Checkpoint support
We have no checkpointing support, but it sure would be good to have.
Nothing concrete here on this issue: open to collecting comments regarding use cases, design ideas, etc.
I think it would be nice to have the opportunity to keep low the memory usage by loading only the data of a defined number of timesteps back in the past. In other words, one would be able to:
- create a checkpoint containing the state of the simulation at a certain biological/simulated time
t_1on permanent storage, - load the stored state of the simulation while disregarding any timesteps before
t_0 < t_1.
This way, it would become possible to run - by pieces - very long simulations while still being able to perform many recordings. The timespan t_1-t_0 should be adjustable to account for specifics of the model that is being used (e.g., for synaptic delay). This could possibly be related to issue #1232.

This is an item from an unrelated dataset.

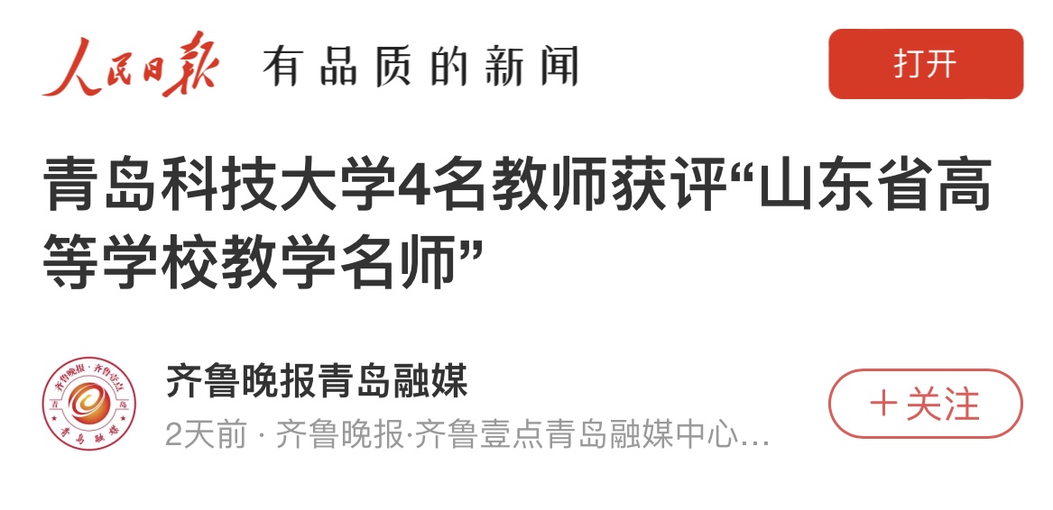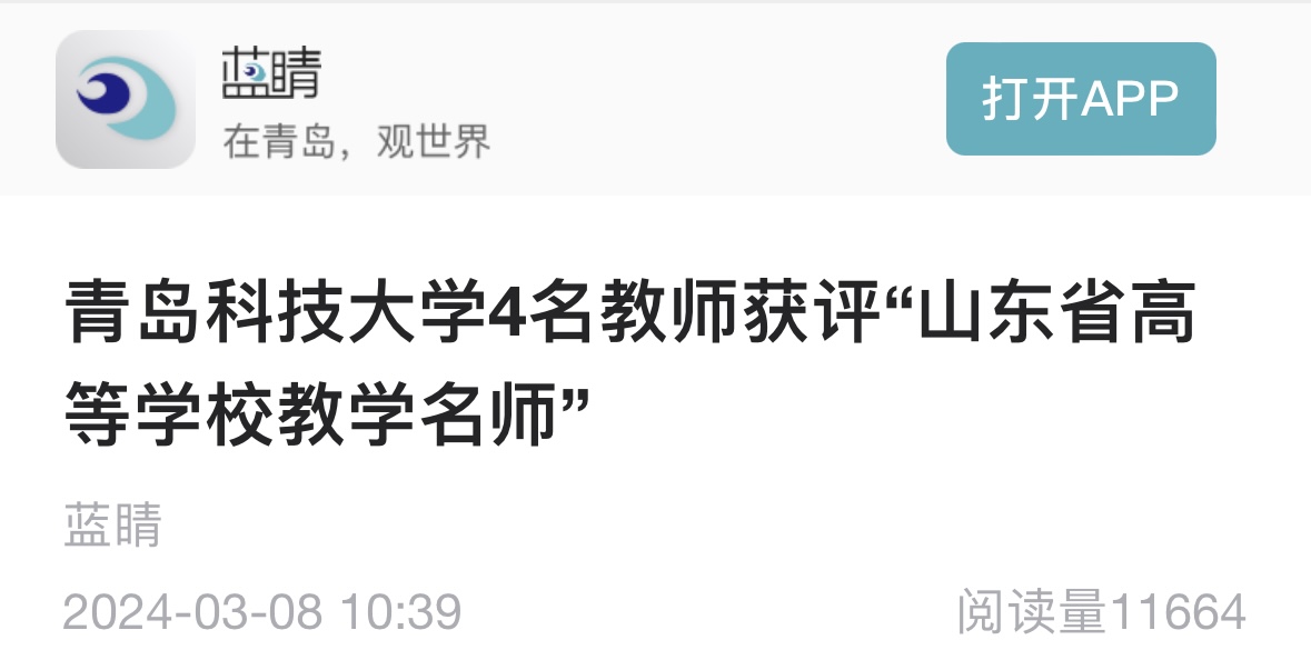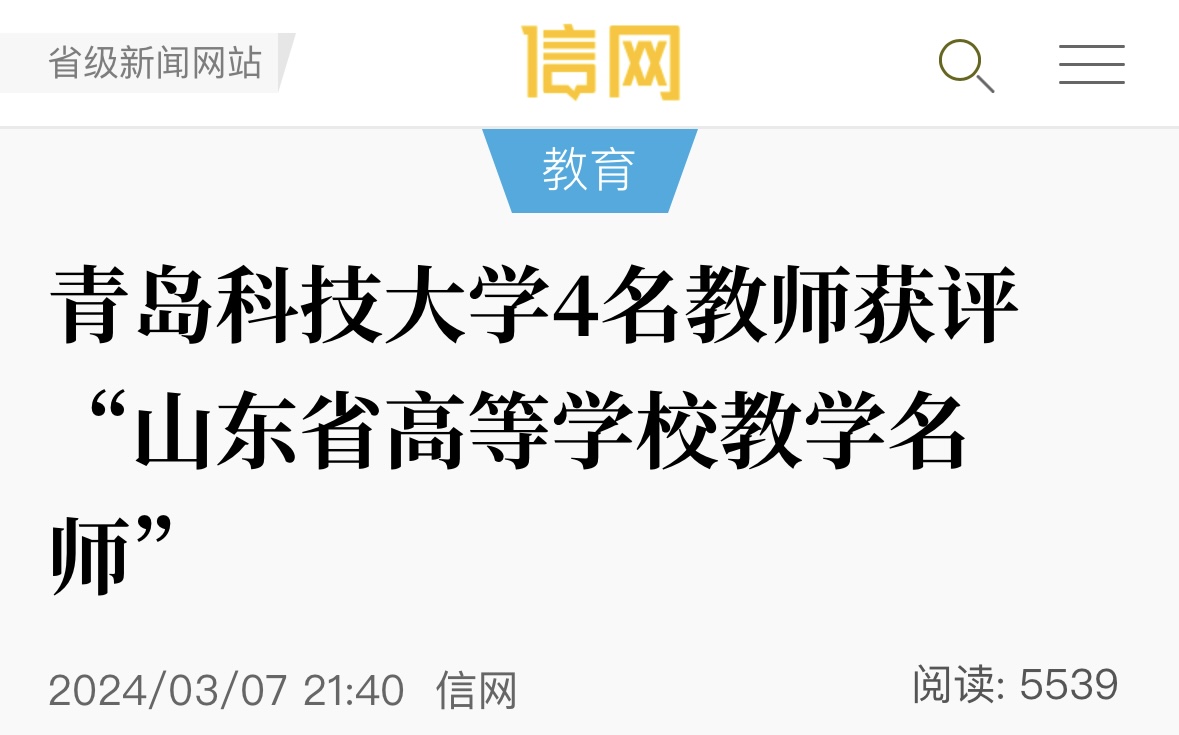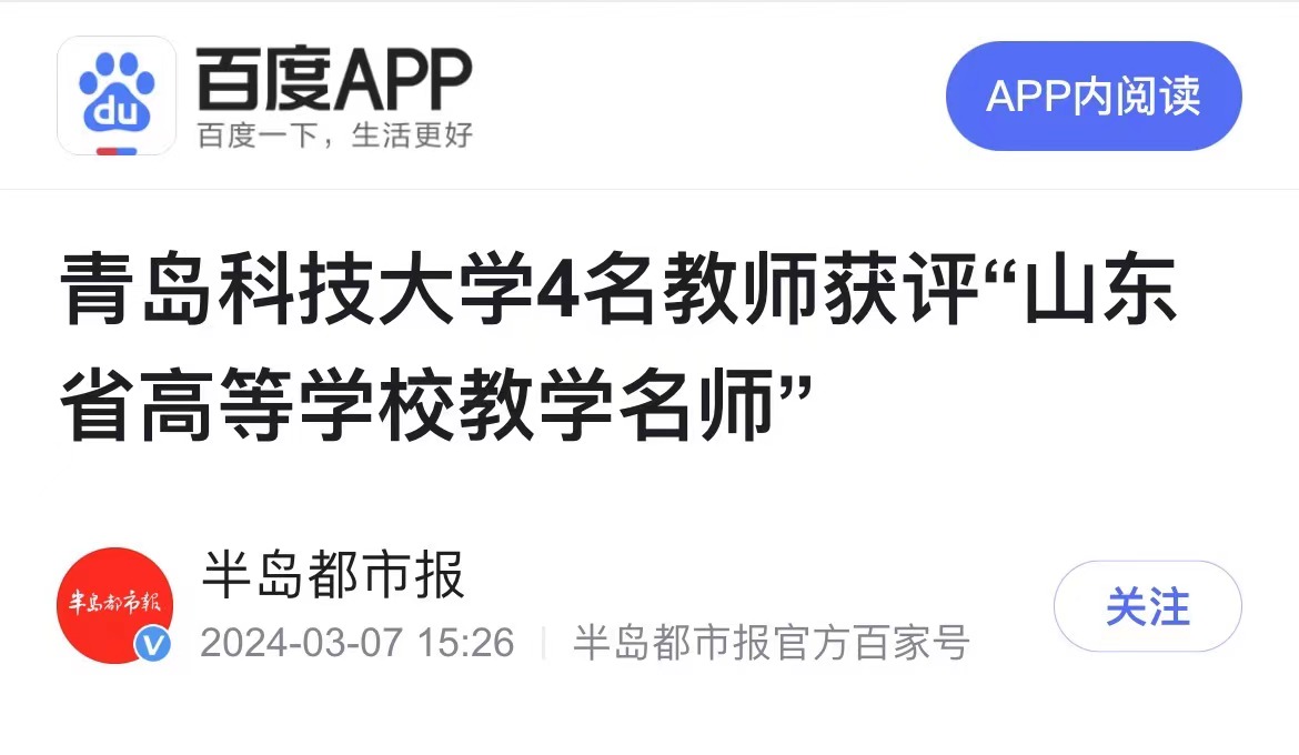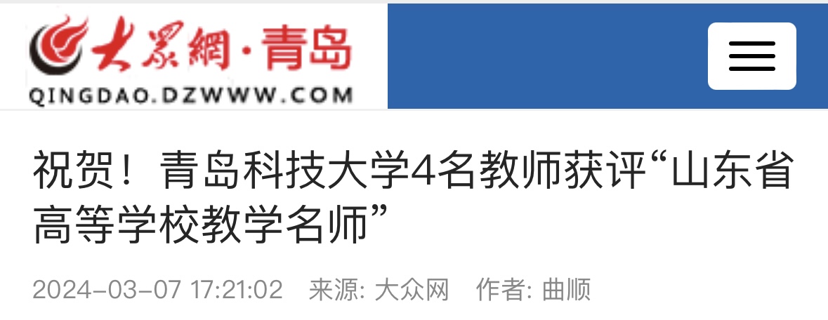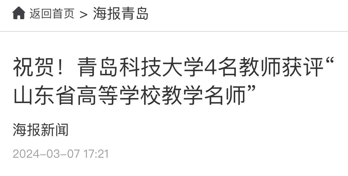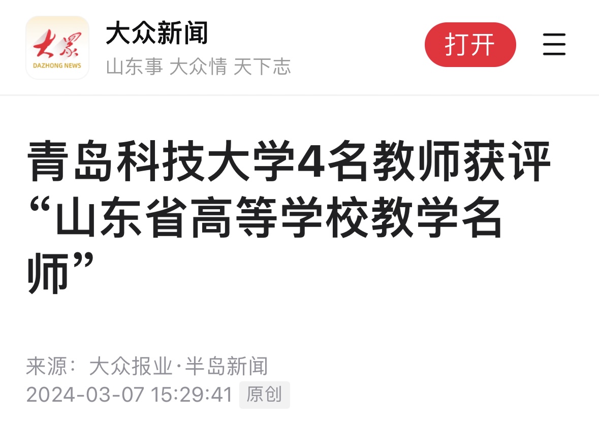 近日,山东省教育厅公布了2023年山东省高等学校教学名师评选结果,全省普通本科院校共评出名师120名。太阳集团网站8722刘喜梅、杜爱华、高洪涛、曹胜4名教师获评“山东省高等学校教学名师”称号。截止目前,青科大省级以上教学名师已达20人。
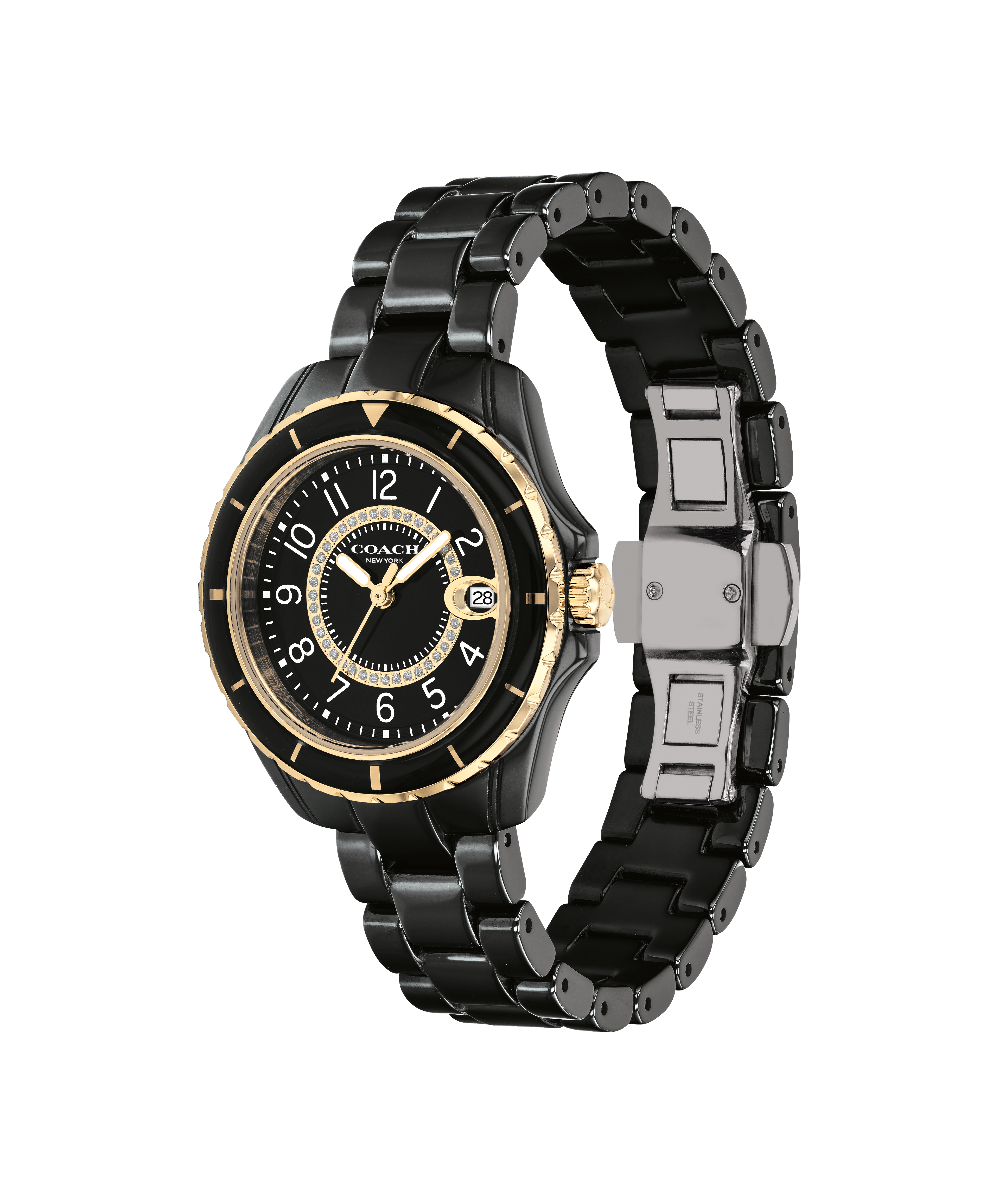 CASE MATERIAL: Black Ceramic & Ionic Plated Thin Gold 1 Steel

Another useful application would be in removing transients from computational heavy simulations. For example the first 10 seconds in the IO network simulations, taking ~ 5-20 minutes real time depending on inputs, is just the transient we need to discard before taking actual measurements. If we could snapshot the full network state after this 10s transient and resume measurements from there, each time with different stimuli for example, this would greatly reduce (wasted) simulation time.
This is a very slow moving project, sorry for that. Let's move it a bit forward so we can hammer out an implementation.
- What state precisely would you need to dump/restore?
- Network connections
- Current spikes in-flight
- Current spike counts
- Mechanism internals
- ...?
- What are the time/performance constraints?
- How often do we expect to call this?
- Is it ok if it takes 1s/10s/100s/...?
- What is the disk format?
- JSON?
- text, human-readable
- no concurrent access
- HDF5?
- binary; needs external tools to inspect
- parallel access
- heavy dependency
- potentially annoying to get right
- Others?
- Zarr
- ...
- One file per
- job: requires parallel I/O
- rank: doesnt scale under resart w/ different topology
- gid: many, many files, kills PFS
- JSON?
My (might not be representative for all neuroscientists) answers:
What state precisely would you need to dump/restore?
Enough information to continue the simulation as if it had not been checkpointed (thus including in-flight spikes, mechanism state and connectivity) - but discard all things like recordings, spike counts and other information that is extracted from the simulation but does not influence it (well of course you could do that explicitly, but then it's your own problem). If I want to save those I can do that manually.
What are the time/performance constraints?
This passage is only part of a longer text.